Analytic extensions of Starobinsky model of inflation

TL;DR

This paper explores various extensions of the Starobinsky inflation model by adding higher-order curvature terms and deforming the potential, ensuring compatibility with observational data and analyzing their effects on inflationary parameters.

Contribution

It introduces new extended models of the Starobinsky inflation with explicit field and parameter dependence, and derives observational constraints on these deformations.

Findings

Adding an $R^{3/2}$ term increases the tensor-to-scalar ratio.

Deformations of the scalar potential are constrained by observational bounds.

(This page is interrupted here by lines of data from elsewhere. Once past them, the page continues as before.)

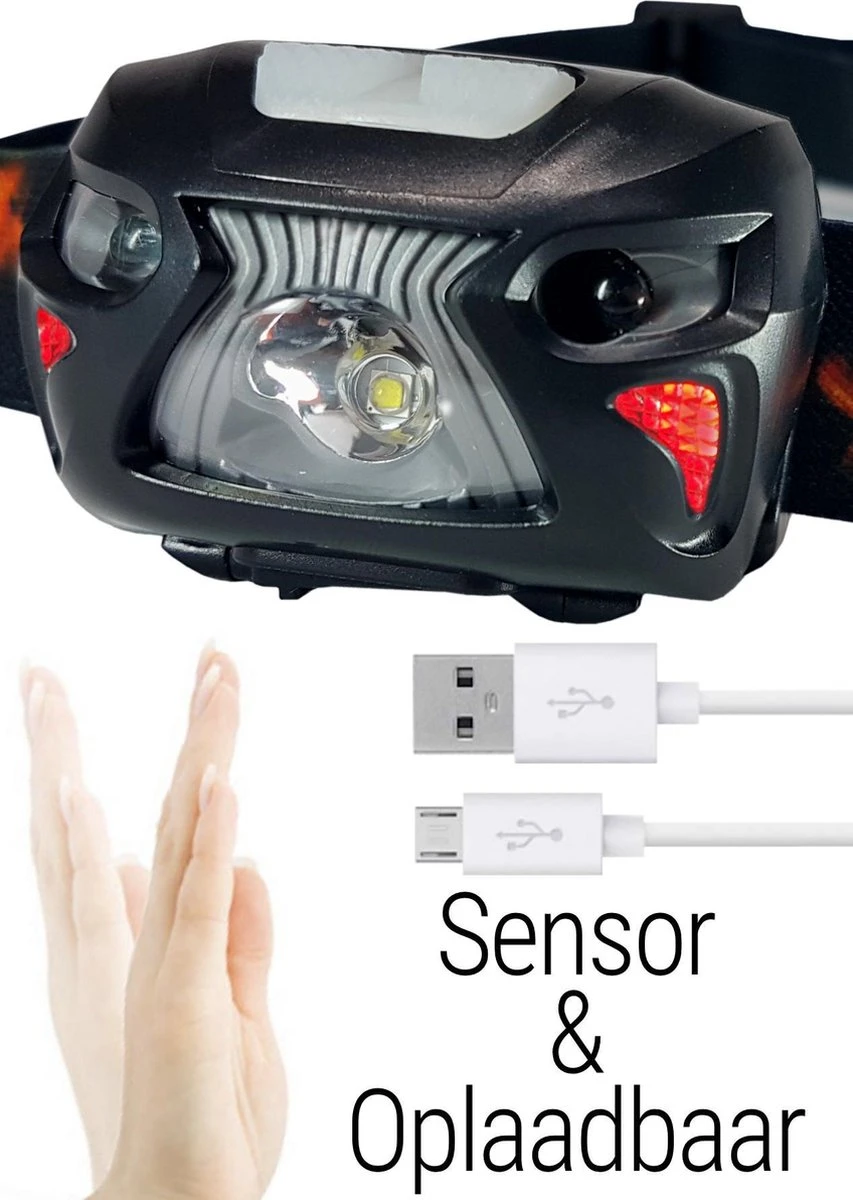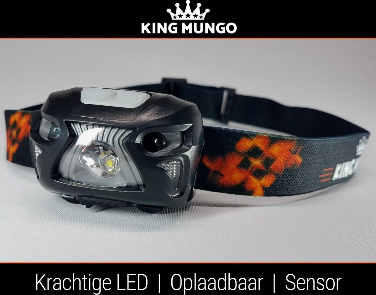 Hoofdlamp LED USB Oplaadbaar Waterdicht met Bewegingssensor, geeft super veel licht en gaat heel lang mee (met oplaadbare batterij). Ultraheldere krachtige King Mungo KMHL014 led hoofdlamp, lichtgewicht en geschikt voor iedere activiteit. Met wit en rood licht. Bevat de nieuwste krachtige XP-E / XP-G2 CREE leds die veel licht geven.
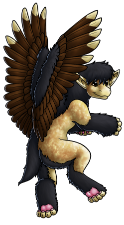 Derivative WorksHeight: 1'1" at the shoulder; SS (small 1’) body size, E1E2 (long) ears, Ww (single-color) wingtips, tt (short bushy) tail, Y4Y5 (dark brown) eyes, C3C8 (yellow) body in LL (light) value, X4X8 (grey) furnishings in uu (dark) value, I2I3 (brown) wings in NN (dark) value, P4P6 (mottled) in R2R2 (brown) color in Aa (medium) value
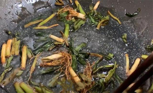 5.现在我们开火把锅烧热,烧热以后往里面加入适量的玉米油,油烧热以后把葱段放进去,用筷子把它搅动一下,开小火煎,一直煎至小葱变得焦黄就可以。
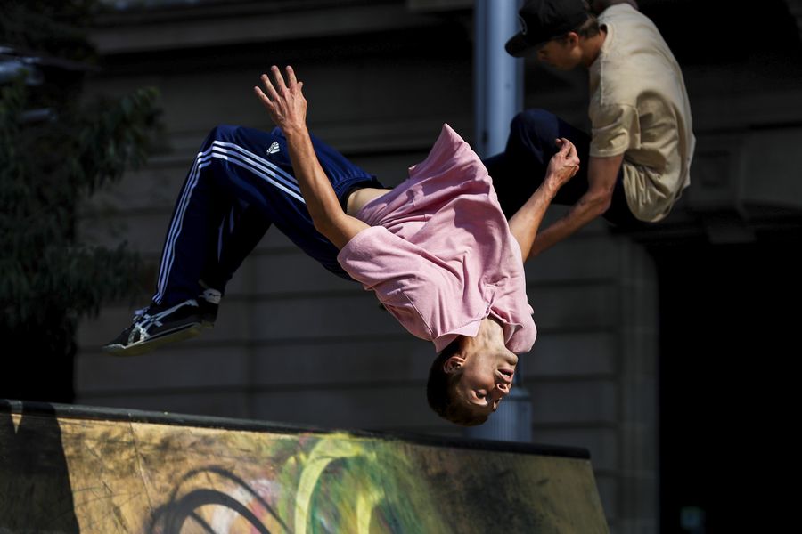 A participant performs parkour for Sydney's Art & About Sydney program in Sydney, Australia, Nov. 2, 2019. (Xinhua/Bai Xuefei)
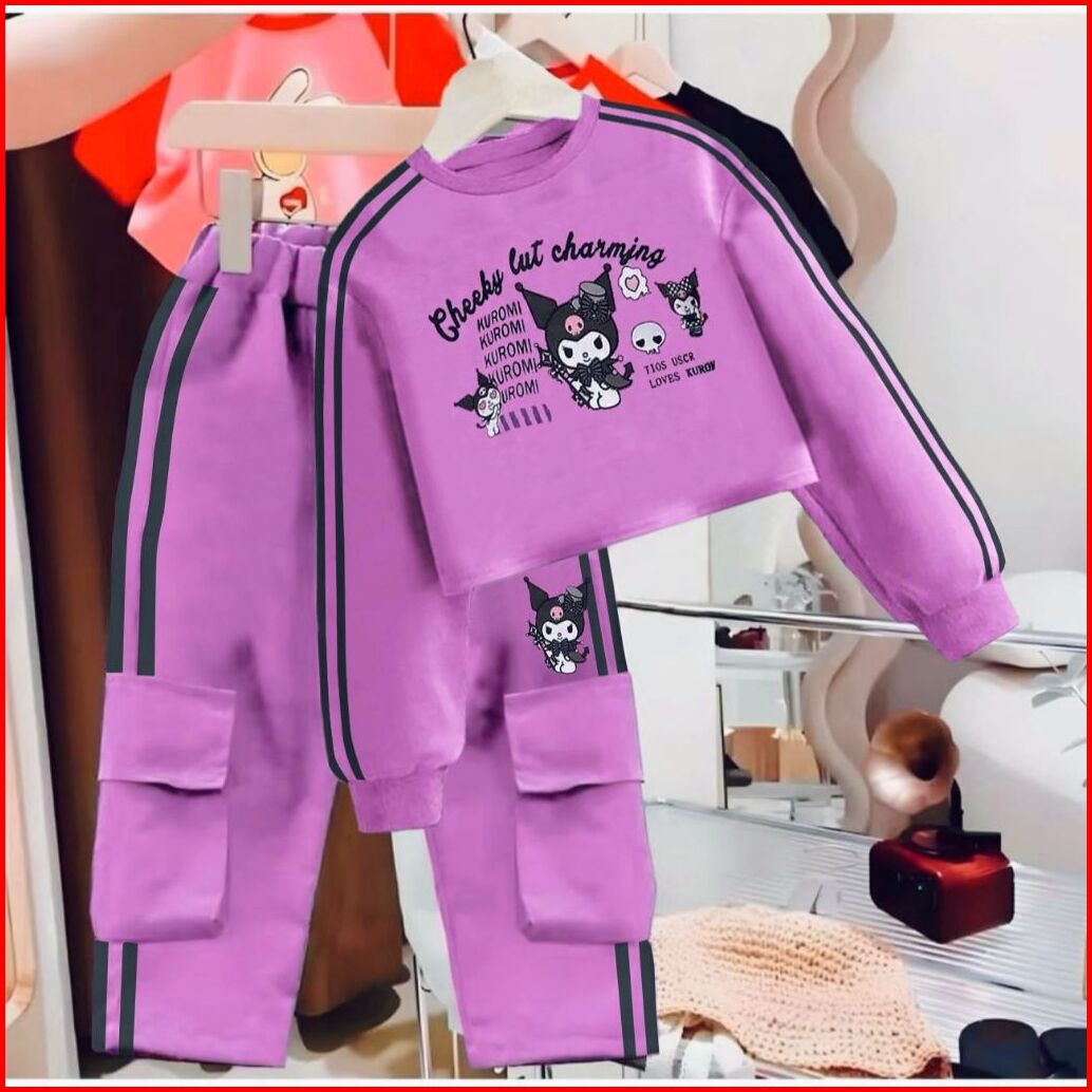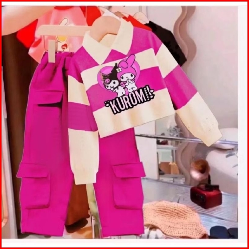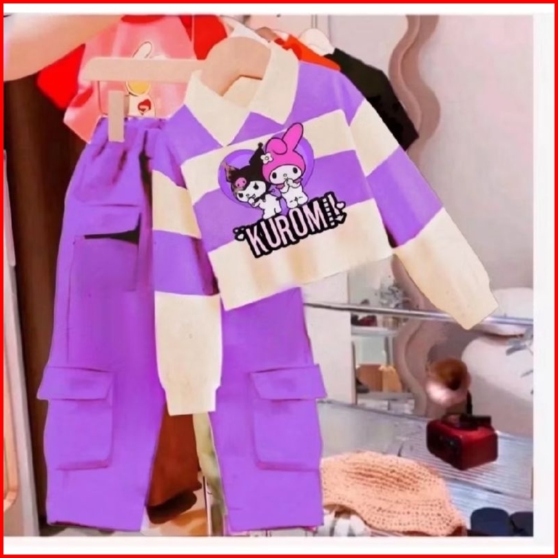 Set Kuromi Anak Perempuan Setelan Sweater Kuromi Crop Cargo Fashian Anak Baju Dan Celana
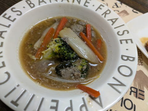 元はネギとつみれだけでしたが、残っていたブロッコリーと人参を足しました。
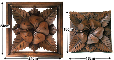 ハイビスカスデザインの木彫りのレリーフは2種類ございます。 左:枠付き木彫りのレリーフ(ハイビスカス)(このページ) 右:木彫りのレリーフ(ハイビスカス)
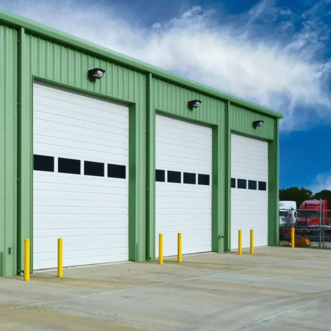 دربهای سکشنال (Sectional Doors): این دربها از پنلهای افقی تشکیل شدهاند که هنگام باز شدن، روی ریلهایی به سمت بالا حرکت کرده و در سقف قرار میگیرند. دربهای سکشنال فضای کمی را اشغال میکنند و برای پوشش دهانههای بزرگ در انبارها، سالنهای تولید، گاراژهای کارگاهی و مراکز لجستیک بسیار مناسب هستند. عایقبندی حرارتی و صوتی خوبی نیز ارائه میدهند.
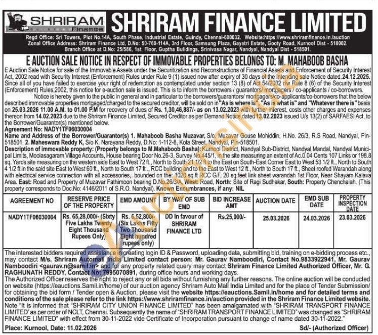contact Authorized Officer, Mr. G. RAGHUNATH REDDY, Contact No: 7995070891

Models remain consistent with observational constraints across parameter ranges.

Abstract

We study several extensions of the Starobinsky model of inflation, which obey all observational constraints on the inflationary parameters, by demanding that both the inflaton scalar potential in the Einstein frame and the $F(R)$ gravity function in the Jordan frame have the explicit dependence upon fields {\it and} parameters in terms of elementary functions. Our models are continuously connected to the original Starobinsky model via changing the parameters. We modify the Starobinsky $(R+R^2)$ model by adding an $R^3$-term, an $R^4$-term, and an $R^{3/2}$-term, respectively, and calculate the scalar potentials, the inflationary observables and the allowed limits on the deformation parameters by using the latest observational bounds. We find that the tensor-to-scalar ratio in the Starobinsky model modified by the $R^{3/2}$-term significantly increases with raising the parameter in front of that term. On the other side, we deform the scalar potential of the Starobinsky model in the Einstein frame in powers of $y=\exp\left(-\sqrt{\frac{2}{3}}\phi/M_{Pl}\right)$, where $\phi$ is the canonical inflaton (scalaron) field, calculate the corresponding $F(R)$ gravity functions in the two new cases, and find the restrictions on the deformation parameters in the lowest orders with respect to the variable $y$ that is physically small during slow-roll inflation.